FYI: I've blanked out the URLs, I'm not working on xxx.com :)
The issues that have come up for every project in priority order are:
1. Cross-Site request forgery
The website administration area at http://www.xxx.com/umbraco is vulnerable to cross-site request forgery (CSRF) on all pages that cause actions such as updates and deletes. A CSRF attack forces a logged-on victim’s browser to send a request to a vulnerable web application, which then performs the chosen action on behalf of the victim.
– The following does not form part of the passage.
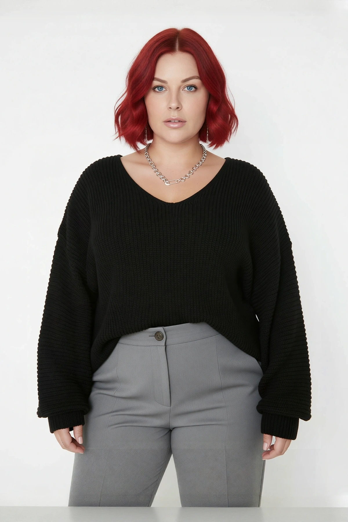 Bu çok yönlü kazak, büyük beden koleksiyonunun sunduğu geniş beden seçenekleriyle her kesime hitap eder. Hafta sonu şıklığınız için kot pantolonlarla, daha resmi casual bir görünüm için kumaş pantolonlarla kombinleyebilirsiniz. Soğuk kış günlerinde işe giderken, arkadaş buluşmalarında veya evde rahatça vakit geçirirken tercih edilebilir. Sonbahar ve ilkbahar mevsimlerinde de serin akşamlarda stil sahibi bir seçenek sunar.

Example is the following link, which is for updating content:
POST http://www.xxx.com/umbraco/editContent.aspx?id=<<ID>>
Please see the following OWASP reference for more information:
http://www.owasp.org/index.php/Cross-Site_Request_Forgery
Impact: High
The integrity of information may be affected.
Likelihood: Low
The victim needs to be logged in and the attacker needs to have knowledge of the website. The attacker needs to get the victim to visit a website under the control of the attacker or that is vulnerable to cross-site scripting.
Recommendation
Restrict actions to POST methods and add a hidden key field to forms that validate requests. The hidden key should be unique to the page request and validated on post back. Please see the above OWASP link for more information.
The following links have recommendations for CSRF and ASP.NET:
http://msdn.microsoft.com/en-us/library/ms972969.aspx#securitybarriers_topic2
2. No Account Lockout on Umbraco Administration Area
The Umbraco administration area has no account lockout following multiple login failures. This leaves the web application susceptible to brute force attacks.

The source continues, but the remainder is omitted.